Saturday, 2 April 2011

Within Reach

It is now possible for those with money and access to the right transport to get to almost anywhere in the world. Some places are still more accessible than others, however with the ability to negotiate and plan globally and locally, distant lands and remote places and people can now be reached.

In our own country we take travel very much for granted, we get into our cars, or hop on a train, or plane if we want someone else to take us there. We explore new places on a day out or holiday and travel then for fun. For the first time in my life I live in what could be described as a remote location! It is over a mile to the nearest shop, however I very rarely walk there.

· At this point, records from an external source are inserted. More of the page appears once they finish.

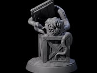 This young shoggoth writhes within a weathered wooden crate, its malleable form already displaying the characteristic tentacles and mouths of its species. Multiple eyes dot its protoplasmic surface while razor-sharp teeth hint at its voracious appetite. The creature's pose captures the moment of emergence, perfect for encounters involving forbidden experiments or eldritch discoveries.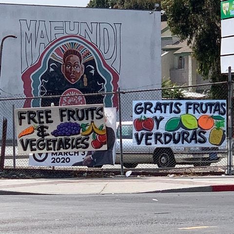 wzup wzup 💚 we packed n delivered 300+ produce boxes 4 the neighborhood yesterday. Trying to sponsor as much as I can but also pool resources 2 keep folks fed + include more grains, sets of masks, soap, hand sanitizer, sets of disposable gloves, etc in every box moving 4ward✨💿🌴🤟🏾❤️ Thank u thank u thank u @wattscommunitycore 4 everythang yall already do🤟🏾korina, monique💚, dr joy, pino, anthony, lil d, emmanuel, fawn, julia n my cuzzos aujané, baby d, bop bop 4 meeting up at as early as 4:30am to pick up food n assembly line style pack boxes in tha community center for 7/8 hrs. Thanks b and pinkus for helping 2 pass out boxes w/ us!✨If u have the means, think abt donating for next week’s June 6 drop. ✨Also! My lane isn’t food advocacy so if mission aligned folk out there wana collab and/or lend us sum advice, pls hit me up🙏🏾🙂 I see the info sheet included in each box functioning as the church bulletin/program that collages a lil bit of everything food/health/community data wise, co-authored by multiple voices (not just mine). Yesterday we did: Organic- Kale Bunch (312), Romaine Lettuce Bunch (312), Bell Pepper (300), Cucumbers (300), Butternut Squash (308), Tomato Roma (616), Potato Fingerling (616 bags), Blueberry 6oz Baskets (300), Oranges (600), Carrots (390), Cliantro (320), Mint (128), Rosemary (128), Broccoli Bunch (112), Pineapple (301), Bananas (144), Basil (144), Parsley Curly (112), Cabbage Heads Green (120), Apples Gala (600), Raspberries 6oz Baskets (108), Chives (112), Oregano (112), Avocado (300), Strawberries (304), Onion (300) Conventional - Mangos (308), Lemons (600), Limes (600), Beets (300), Garlic 1 pack w/ 5 each (165), Arugula (30 lbs), Collard Green Buns (300), Rice (300 lbs), Puerano beans (300 lbs), Corn Tortillas🌴 Tryna double up. Think abt donating if u can ⭐️ Thank u 2 airbody who donated already. Summaeverythang Community Center and I truly appreciate u💯 May 31, 2020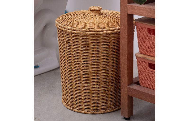 é de plástico com textura que imita rattan: durável, decorativa e fácil de limpar. para limpar, basta lavar com água e sabão neutro em seguida passar suavemente um pano seco. não utilize produtos químicos ou abrasivos na limpeza.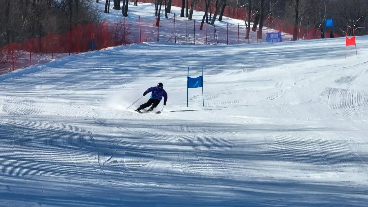 全國(guó)滑雪場(chǎng)聯(lián)盟“冰雪絲路杯”粉雪聯(lián)賽松花湖站比賽現(xiàn)場(chǎng)(央廣網(wǎng)記者 舒震 攝)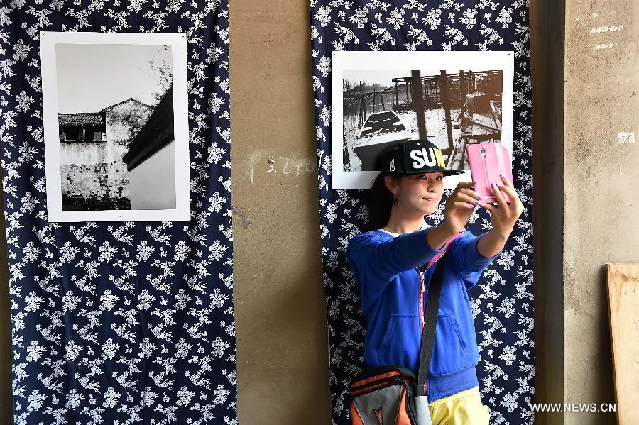 A tourist takes photos of herself with a mobile phone during the Pingyao International Photography Festival in Pingyao County, north China's Shanxi Province, Sept. 20, 2014. With the popularization of mobile phone cameras, mobile phone photography plays an important role in daily life. (Xinhua/Zhan Yan)

In many parts of the world, the luxury of what I describe is beyond understanding. The day to day pressures of life, with no access to transport and little local provision in way of school, work, shop or hospital are all absorbing. Walking is about survival rather than pleasure.

In Malawi, and other remote parts of our world, mothers with sick children travel by foot and bike for up to four hours a day for months on end to attend treatment and feeding clinics. This determines their healthy survival. This weekend I give thanks for mothers all over the world who make sacrifices for their children.

Although, because of other commitments, I won't be seeing my mother tomorrow and she lives 60 miles away. I am very aware today that with a car if I needed to I can be with her in just over an hour.

1 comment:

  1. It's very easy to take for granted the shrinking of the world as travel and communications improve. We still remember having a friend's son from France to stay with us to improve his English. We had to book a call to his parents just outside Paris to report his safe arrival. That's less than 30 years ago.

    But just because we can travel anywhere in the world, phone anywhere on our mobiles or hold Skype video calls, we shouldn't assume that life everywhere has caught up. We have a friend, a retired midwife, who has a charity for mothers and babies in Tibet where the infant mortality rate is twenty times that of the UK.